Spector’s studio, OtherSide Entertainment, is also working on making the game’s world react to the actions that players take in it. Accordingly, a large part of the loop of a Thick as Thieves session will include gathering intel from around the city, which can be gained by bribing guards, for example. This kind of interactivity with one another in a live and reactive environment is the “next logical step” for the genre, according to Spector. “Part of the simulation is the human interactions in the world…It’s really a simulation that we drop a set of thieves into.” As part of its live-service offerings, Thick as Thieves will likely release new neighborhoods of the city over time as well as new thieves to promote different play styles, according to OtherSide’s CEO Paul Nerath.

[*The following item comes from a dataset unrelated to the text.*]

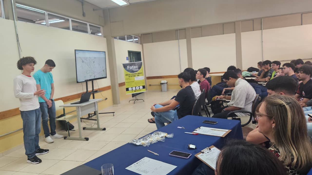 O grande destaque da tarde foi o projeto MapCity, desenvolvido pelos estudantes João Luiz Souza Pereira e Matheus Mendes dos Santos. A plataforma propõe o mapeamento colaborativo de situações irregulares nas cidades, como falhas na iluminação pública, acúmulo de lixo, entulho e buracos nas vias. A proposta une tecnologia e comunidade para transformar os espaços urbanos em ambientes mais limpos e seguros, promovendo melhorias na qualidade de vida da população.

OtherSide’s design philosophy surrounding Thick as Thieves emerged from a Dungeons & Dragons game that Spector played a number of years ago. The team is trying to successfully recreate the feeling Spector felt playing D&D, specifically the novelty of player-driven storytelling, by empowering players of Thick as Thieves to chart their own story in a live environment. It’s an approach that’s not unlike the kind of stuff Larian Studios received acclaim for in its previous title, Divinity: Original Sin II, which was praised for the open-endedness of its story and how much the world reacted to the player’s actions by the end of the journey.

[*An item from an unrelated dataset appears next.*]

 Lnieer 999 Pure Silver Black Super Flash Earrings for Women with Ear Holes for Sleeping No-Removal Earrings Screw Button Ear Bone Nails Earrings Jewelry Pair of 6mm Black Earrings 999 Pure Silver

The multiplayer angle of Thick as Thieves might also ring familiar to folks who’ve played Arkane’s Deathloop, which allowed players to invade one another’s games as a pivotal character in the narrative. Though Deathloop’s experimentation with this format yielded mixed results, perhaps due to how restrictive the mechanic was, there’s reason to believe that there’s potential in the approach by looking at other titles. Baldur’s Gate 3’s fully functional multiplayer in an otherwise-complicated game suggests as much.

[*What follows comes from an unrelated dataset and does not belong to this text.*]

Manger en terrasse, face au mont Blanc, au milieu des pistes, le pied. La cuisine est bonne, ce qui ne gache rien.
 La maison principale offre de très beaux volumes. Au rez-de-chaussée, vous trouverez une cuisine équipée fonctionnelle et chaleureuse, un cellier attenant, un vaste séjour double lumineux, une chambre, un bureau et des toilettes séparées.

There might be a lot of roadblocks standing in the way of such a clearly ambitious project, and I’m definitely reserving judgment until I see the game in action, but the concept is promising. Not to suggest that single-player immersive sims have bottomed out, because they absolutely haven’t, but one of the most exciting things about modern games is how much players have been able to use them to tell their own stories. A studio making games that explicitly pick up on that thread and seeing what exciting new things it can yield for the medium is a net positive, in my eyes.